I was reminded today of the fact that it is exactly five years since the Scottish electorate voted by a majority of 55% to 45% in favour of remaining in the United Kingdom. Those were what have now come to be seen as the good old days. The decision came just two years after the 2012 Olympics when it felt like the country was pulling together. Despite concerns about the direction of economic policy, the Scottish referendum outcome reflected a decision to bury differences as the country looked to the future with some optimism.

Looking back at what I wrote at the time, I noted: “This may not be the end of the story. For one thing, given the significant swell of support for the pro-independence campaign it cannot be absolutely ruled out that they will push for a second referendum. This will add further fuel to a nascent English nationalist movement led by UKIP, which will thus set the tone for the May 2015 General Election. Once the election is out of the way, the next big item on the political agenda will be the prospect of a UK referendum on EU membership. The main lesson from the Scottish campaign is that it will cause a lot of bitterness.” I could not have foreseen in 2014 just how right that would prove to be.

It is extraordinary to think that less than two years separated the Scottish independence and EU referendums, such was the change in political sentiment during this period. The long-awaited publication of David Cameron’s memoirs, which have been splashed all over the newspapers in recent days, suggests he is deeply saddened by how the EU debate played out and he is scathing about the behaviour of colleagues such as Michael Gove and Boris Johnson during the campaign. But just as Tony Blair could never admit that the UK’s involvement in the Iraq War was a mistake, so Cameron cannot accept that he made a mistake in calling the EU referendum. He believes that a public vote was “ultimately inevitable.” But he is wrong. In early 2016, only 10% of voters believed relations with the EU were a pressing issue for the UK. It was well documented at the time that Cameron was trying to spike the guns of UKIP and I have consistently expressed the view since early 2013 that his call for a referendum was a gamble with the national interest.

Arguably, Cameron’s success in securing the "right" result on the Scottish referendum emboldened his decision to hold an EU referendum. With the benefit of hindsight maybe if the Scots had voted for independence Cameron might not have been so gung-ho about the EU plebiscite, and although UKIP would have continued to be an irritant, the rest of the country may not have torn itself apart over the EU issue. As it is, we are now in a position where the UK is only 43 days away from crashing out of the EU without a deal.

The release last week of the summary Operation Yellowhammer documents make clear the scale of the economic risks facing the UK if it does crash out without a deal. The document notes that “When the UK ceases to be a member of the EU in October 2019 all rights and reciprocal arrangements with the EU end. No bilateral deals have been concluded with individual member states [and] public and business readiness for a no-deal will remain at a low level, and will decrease to lower levels, because the absence of a clear decision on the form of EU Exit (customs union, no deal etc) does not provide a concrete situation for third parties to prepare for.” These are the outcomes that government told us not too long ago were unthinkable and now we find they are government policy.

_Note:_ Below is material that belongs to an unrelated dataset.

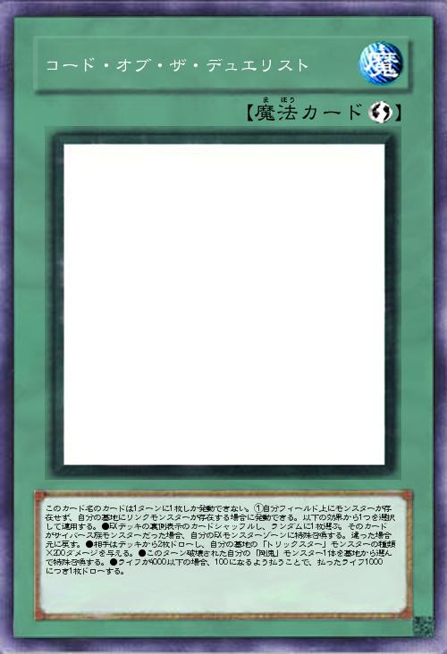 | このカード名のカードは1ターンに1枚しか発動できない。①自分フィールド上にモンスターが存在せず、自分の墓地にリンクモンスターが存在する場合に発動できる。以下の効果から1つを選択して適用する。●EXデッキの裏側表示のカードシャッフルし、ランダムに1枚選ぶ。そのカードがサイバース族モンスターだった場合、自分のEXモンスターゾーンに特殊召喚する。違った場合元に戻す。●相手はデッキから2枚ドローし、自分の墓地の「トリックスター」モンスターの種類×200ダメージを与える。●このターン破壊された自分の「剛鬼」モンスター1体を墓地から選んで特殊召喚する。●ライフが4000以下の場合、100になるよう払うことで、払ったライフ1000につき1枚ドローする。 | |||

Just to highlight the specific nature of some of the Brexit-related risks, “the reliance of medicines and medical products' supply chains on the short straits crossing make them particularly vulnerable to severe extended delays. Any disruption to reduce, delay or stop supply of medicines for UK veterinary use would reduce our ability to prevent and control disease outbreaks, with potential detrimental impacts for animal health and welfare, the environment, and wider food safety/availability and zoonotic diseases which can directly impact human health. Certain types of fresh food supply will decrease.

In other words, the UK government’s inability or unwillingness to accept the deal negotiated with the EU last November poses potential health risks to the country’s population. These are not the hysterical ramblings of desperate Remainers – this is what the government has been forced to admit might actually happen. To further highlight the collapse in effective governance, far from preparing to meet the challenge, the government has suspended parliament in case it asks too many inconvenient questions and is now fighting a challenge to its actions in the Supreme Court. Nor does the madness stop there. For all the obvious shortcomings of Boris Johnson as Prime Minister, opinion polls suggest the Conservatives are actually extending their lead over Labour. To counter this, the Liberal Democrats have now adopted a repeal of the Article 50 notification as their official policy which is (a) unlikely to happen; (b) not particularly wise and (c) not the threat to democracy that the foaming-at-the mouth brigade would have us believe because all you have to do is not vote Lib Dem.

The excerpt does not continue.